→ EXERCISE
Only one span is wanted from the lines below: from the one with "Teyana Taylor is" up to and including the one with "JPF-37 image - 1". Copy it exactly, without images.

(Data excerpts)

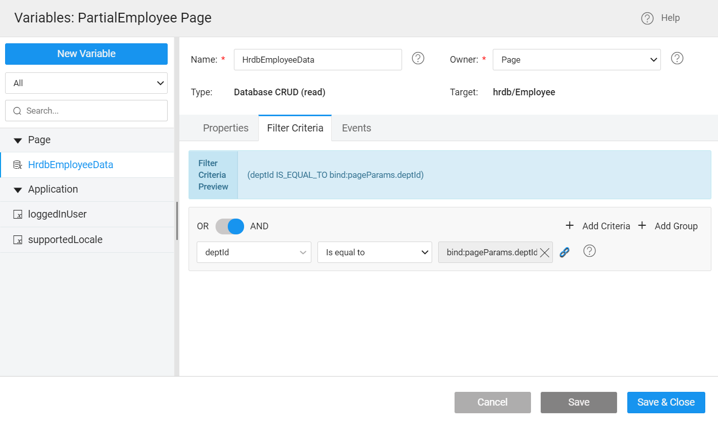 • Go to the Variable dialog. For the Employee variable under FilterCriteria, bind the deptId to the pageParams.deptId.
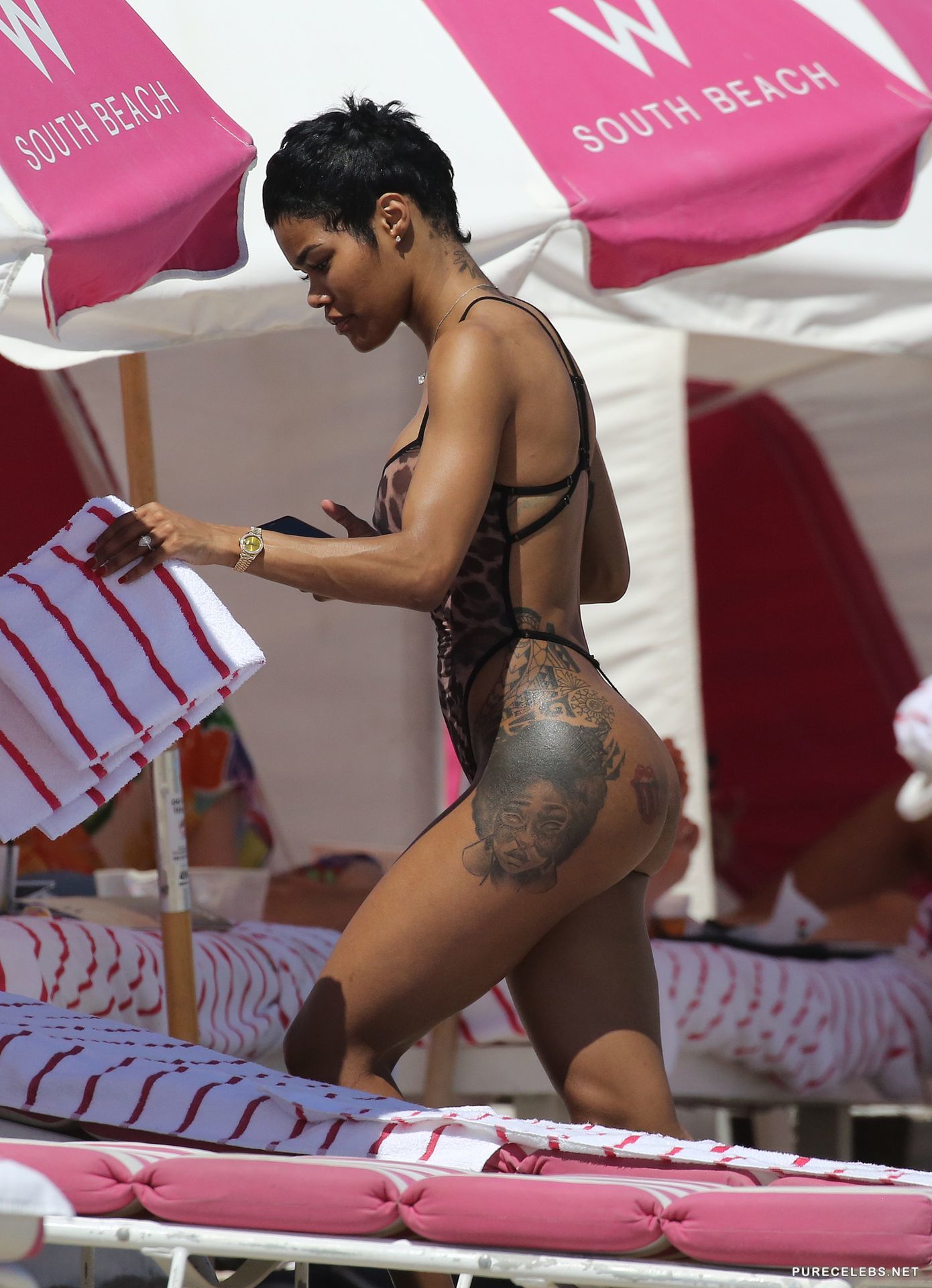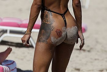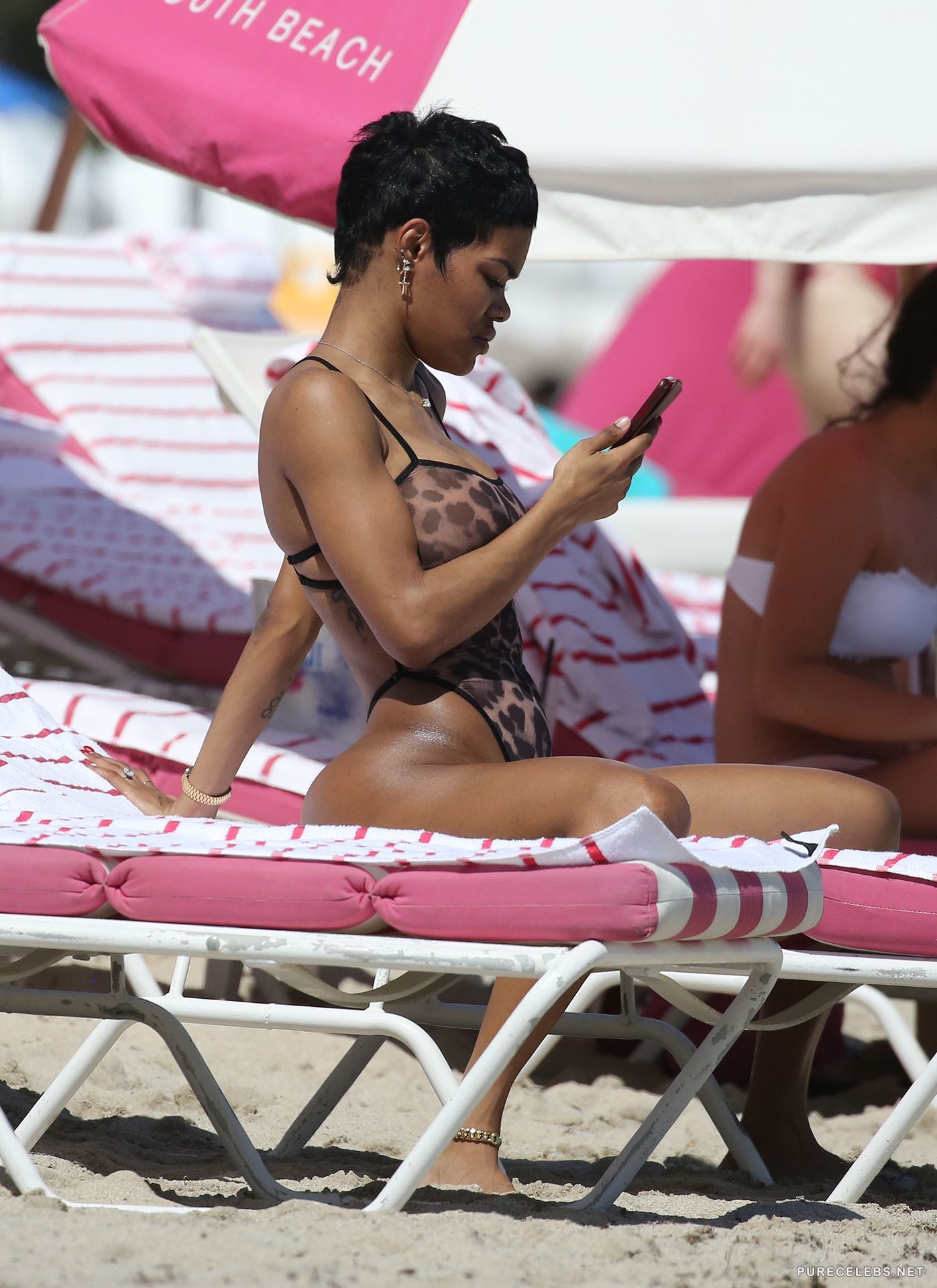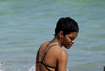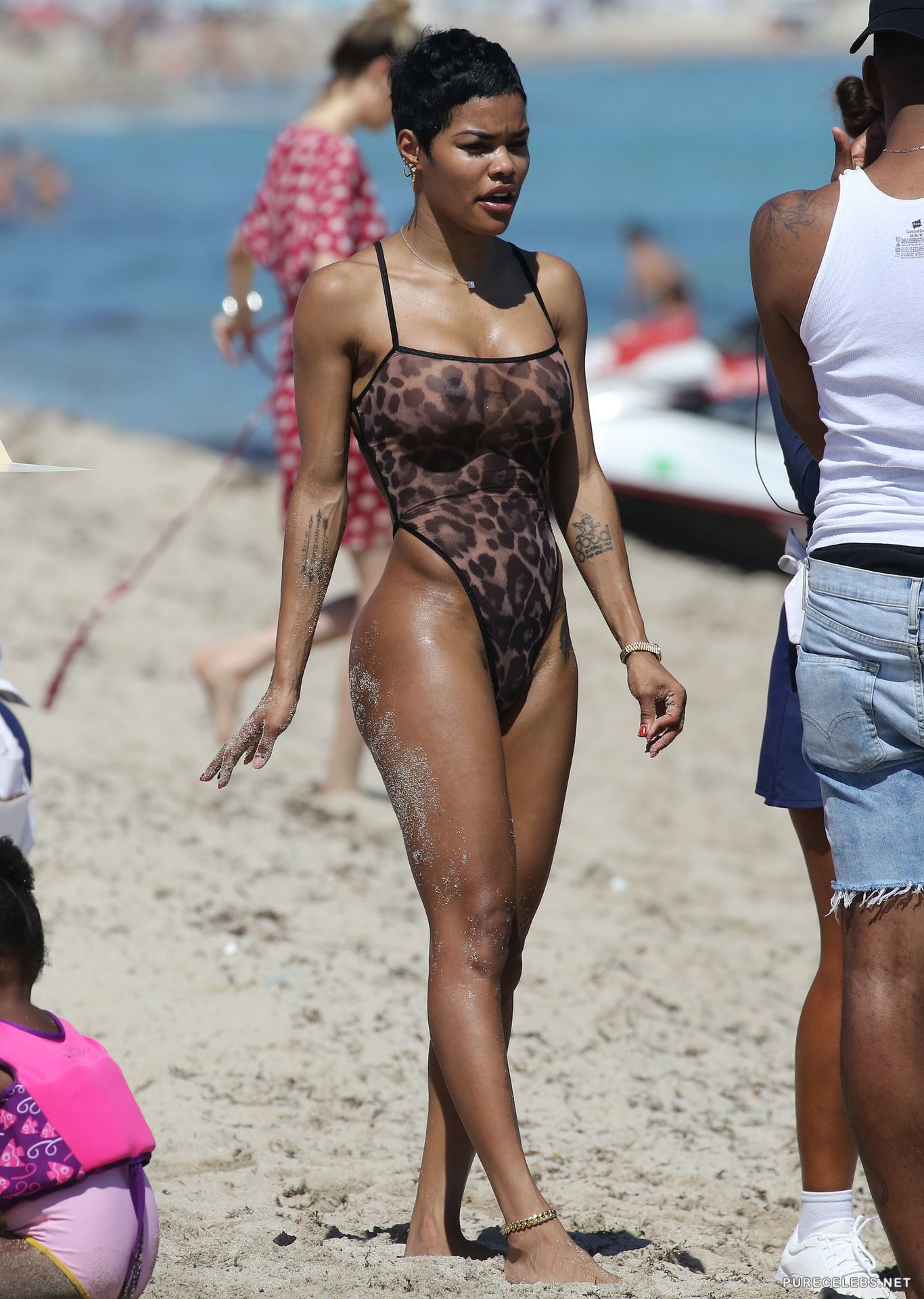 Teyana Taylor is on a beach and since it is not a nude beach, she puts on a suit that technically covers her body, but it really does not. We can see her dark nipples through it and the thong that she has on does not cover her amazing bubble butt as she walks around on the sand on the beach.
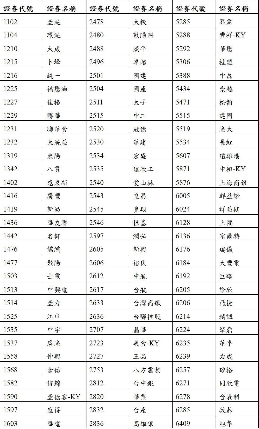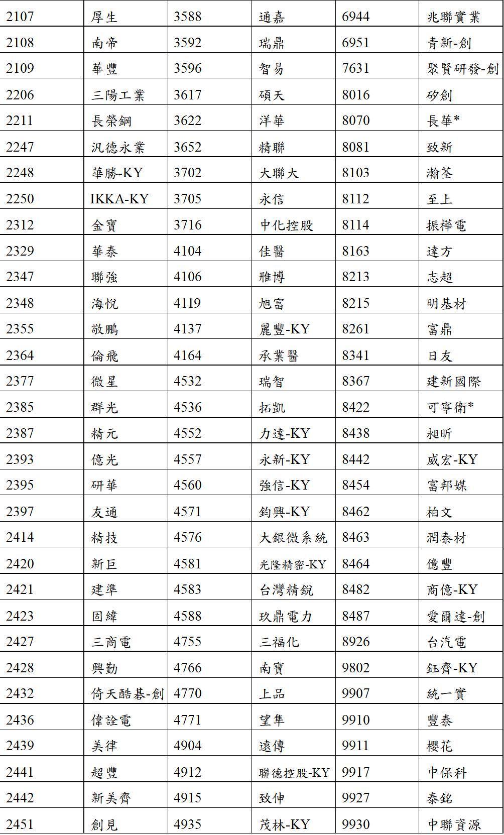 台湾璞玉指数成分股。资料来源:台湾指数公司
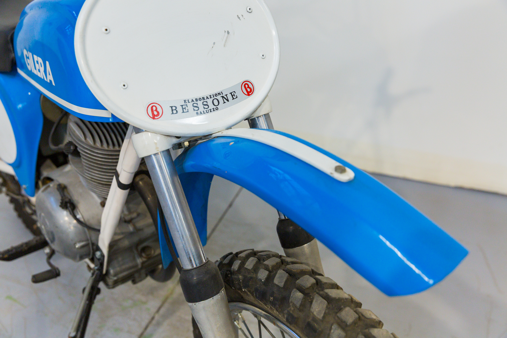 Motorcycle tuned by renowned Saluzzo-based preparer Mario Bessone, one of the foremost specialists of Gilera’s single-cylinder engines from Arcore. Derived from the street-going Giubileo model, it was extensively modified to significantly enhance performance through deep changes to the valve timing and fuel systems. Chassis components are top‑tier—the best available in its era. Finely restored, in excellent condition. Ideal for participating in historical off‑road reenactments with a rare and highly competitive motorcycle.
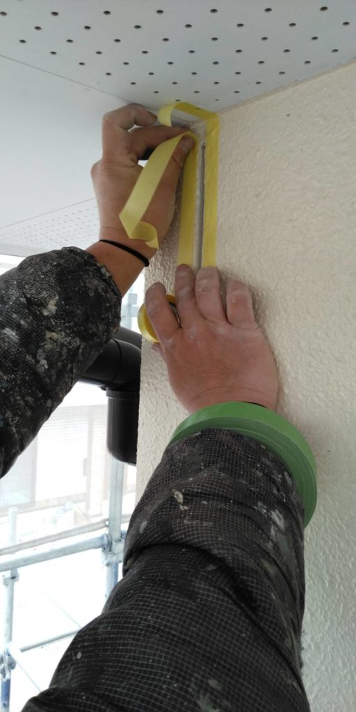 新規にコーキングを打つ目地より少し幅を持たせて養生テープを貼ります。
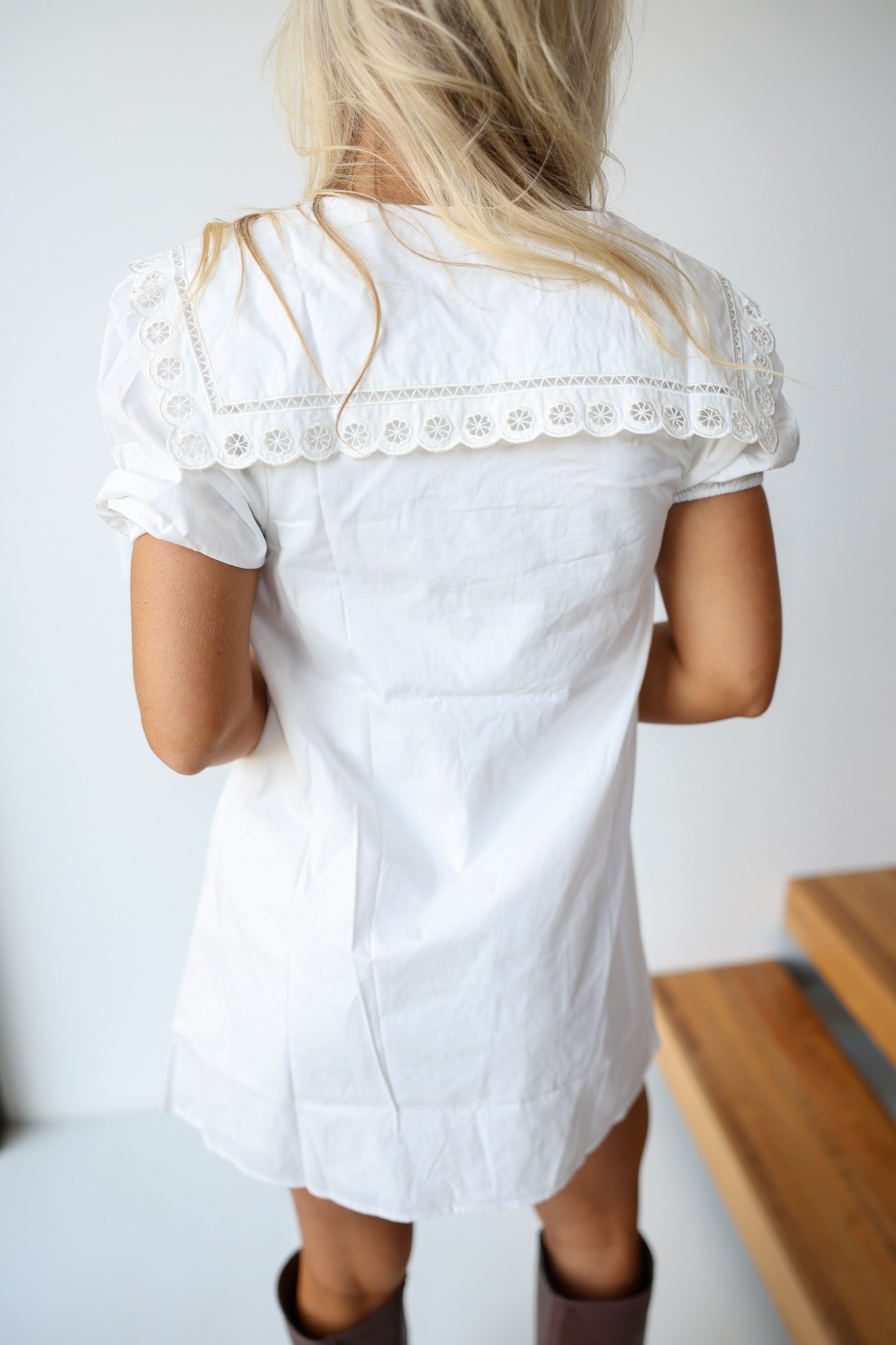 Claire Collar Puff Sleeve Mini Dress - Off White
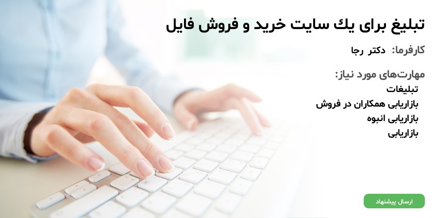سلام من يک سايت خريد و فروش فايل دارم که مي خوام تبليغات وسيعي براي اون انجام بشه اين تبليغ ميتونه شامل تبليغ دستي در سايت ها و وبلاگ ها باشه تبليغات با اسمس ايجاد بک لينک در سايت ها با رتبه بالا و راه هاي ديگه براي افزايش ثبت نام در سايت و افزايش تعداد بازديدکنندگان باشه يا هر راه ديگه اي که به ذهنتون ميرسه کساني که سايتي با پيج رنک بالا دارند نيز پيشنهاد قيمت خود را براي قرار دادن تبليغات سايت در سايت خودشون بدن کساني که ميخوان پيشنهاد بدن آدرس سايت را بهشون ميدم ممنون
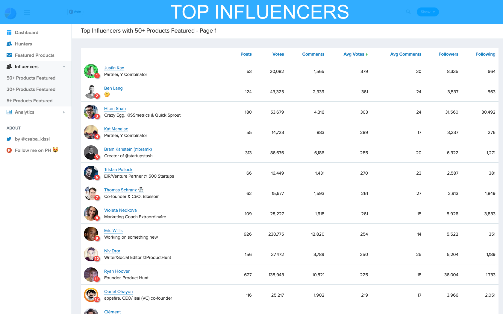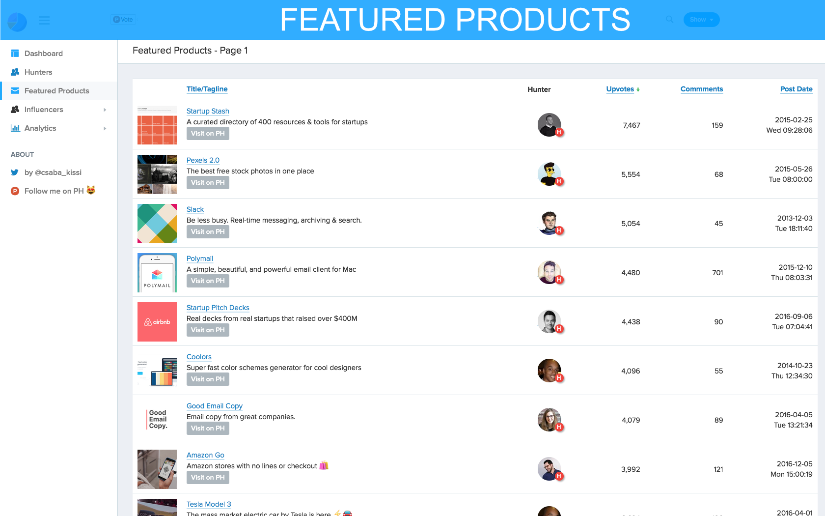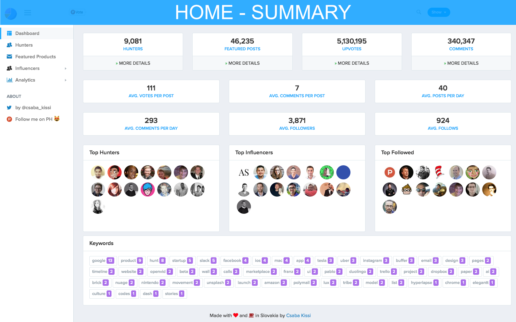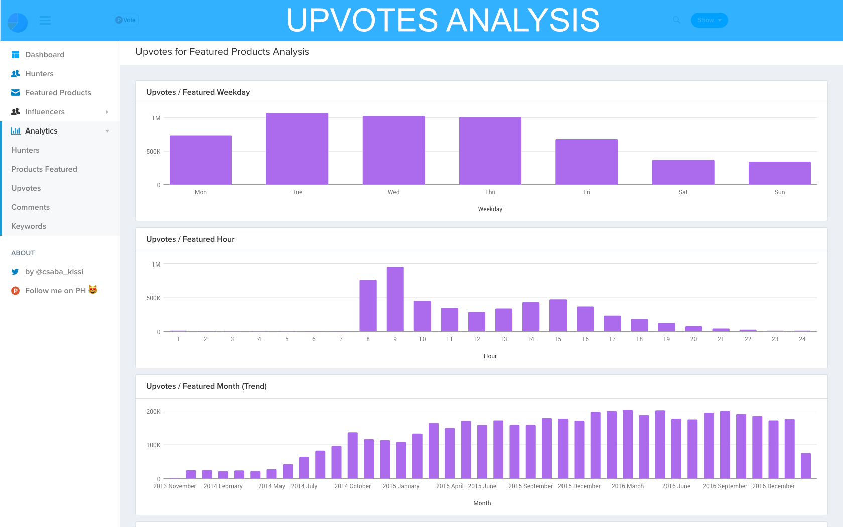 The project was done as an MVP. You can find information about hunters, influencers, featured posts, upvotes, and comments (stats, trends).
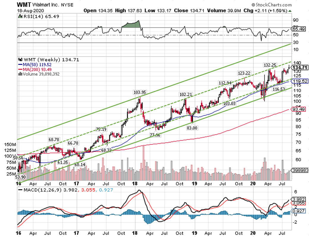 ウォルマートの週足チャートを眺めると、強気のトレンドチャネルを形成していることがわかります。短期的に見れば140ドル水準のレジスタンス(上値抵抗線)をターゲットに上昇し、それを上にブレイクアウトできるかどうかが試されます。
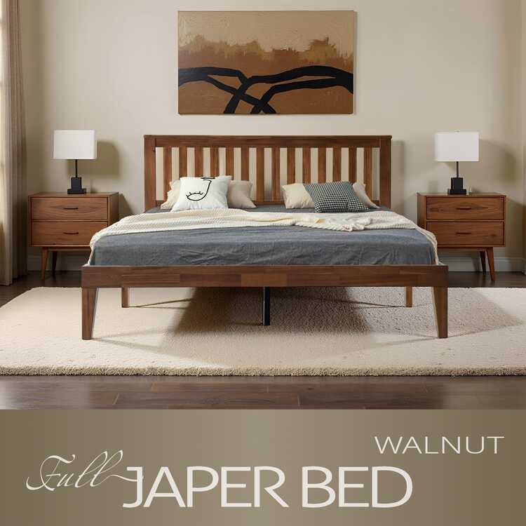 • East West Furniture Full Size Bed Frame with Headboard & Footboard, Solid Wood Platform Bed, Anti-Noise & Slip-Free, 12 Strong Slatted Structure with Metal Legs, No Box Spring Needed, Easy Assembly, Walnut Finish, JPF-37 image - 1
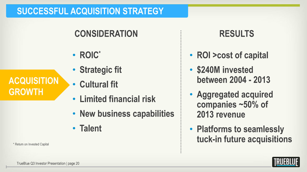MULTIPLE CORE BUSINESS GROWTH STRATEGIES TrueBlue Q3 Investor Presentation | page 19 • Develop new blue-collar service lines • Differentiate through industry specialization • Extend reach through geographic expansion ORGANIC GROWTH
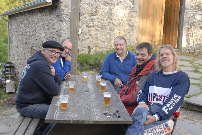 La belle récompense après la grosse journée du samedi. Que des gars du Club Fantic. De gauche à droite : Phil15, Loic, Bruno, Romain et ma pomme en costume Fantic. Même le photographe en est, Marc Pidou.
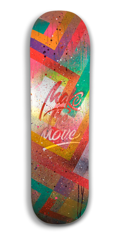 Dans la même veine que MOTIVACTION, l’artiste tire le fil de ce qui pourrait être une série à venir avec des citations engageantes. C’est l’occasion d’explorer la calligraphie, le pochoir et d’autres techniques suivant l’inspiration. Et par ce biais de faire en sorte que vous soyez inspirés à votre tour. Quels mots, quelle citation voudriez vous voir, lire à votre réveil ou lorsque vous levez les yeux de votre écran? MAKE THE MOVE vous donne l’impulsion alors faites le ce mouvement vers vous-même. Faites le maintenant!

→ ANSWER BOX
 Teyana Taylor is on a beach and since it is not a nude beach, she puts on a suit that technically covers her body, but it really does not. We can see her dark nipples through it and the thong that she has on does not cover her amazing bubble butt as she walks around on the sand on the beach.
 台湾璞玉指数成分股。资料来源:台湾指数公司
 Motorcycle tuned by renowned Saluzzo-based preparer Mario Bessone, one of the foremost specialists of Gilera’s single-cylinder engines from Arcore. Derived from the street-going Giubileo model, it was extensively modified to significantly enhance performance through deep changes to the valve timing and fuel systems. Chassis components are top‑tier—the best available in its era. Finely restored, in excellent condition. Ideal for participating in historical off‑road reenactments with a rare and highly competitive motorcycle.
 新規にコーキングを打つ目地より少し幅を持たせて養生テープを貼ります。
 Claire Collar Puff Sleeve Mini Dress - Off White
سلام من يک سايت خريد و فروش فايل دارم که مي خوام تبليغات وسيعي براي اون انجام بشه اين تبليغ ميتونه شامل تبليغ دستي در سايت ها و وبلاگ ها باشه تبليغات با اسمس ايجاد بک لينک در سايت ها با رتبه بالا و راه هاي ديگه براي افزايش ثبت نام در سايت و افزايش تعداد بازديدکنندگان باشه يا هر راه ديگه اي که به ذهنتون ميرسه کساني که سايتي با پيج رنک بالا دارند نيز پيشنهاد قيمت خود را براي قرار دادن تبليغات سايت در سايت خودشون بدن کساني که ميخوان پيشنهاد بدن آدرس سايت را بهشون ميدم ممنون
 The project was done as an MVP. You can find information about hunters, influencers, featured posts, upvotes, and comments (stats, trends).
 ウォルマートの週足チャートを眺めると、強気のトレンドチャネルを形成していることがわかります。短期的に見れば140ドル水準のレジスタンス(上値抵抗線)をターゲットに上昇し、それを上にブレイクアウトできるかどうかが試されます。
 • East West Furniture Full Size Bed Frame with Headboard & Footboard, Solid Wood Platform Bed, Anti-Noise & Slip-Free, 12 Strong Slatted Structure with Metal Legs, No Box Spring Needed, Easy Assembly, Walnut Finish, JPF-37 image - 1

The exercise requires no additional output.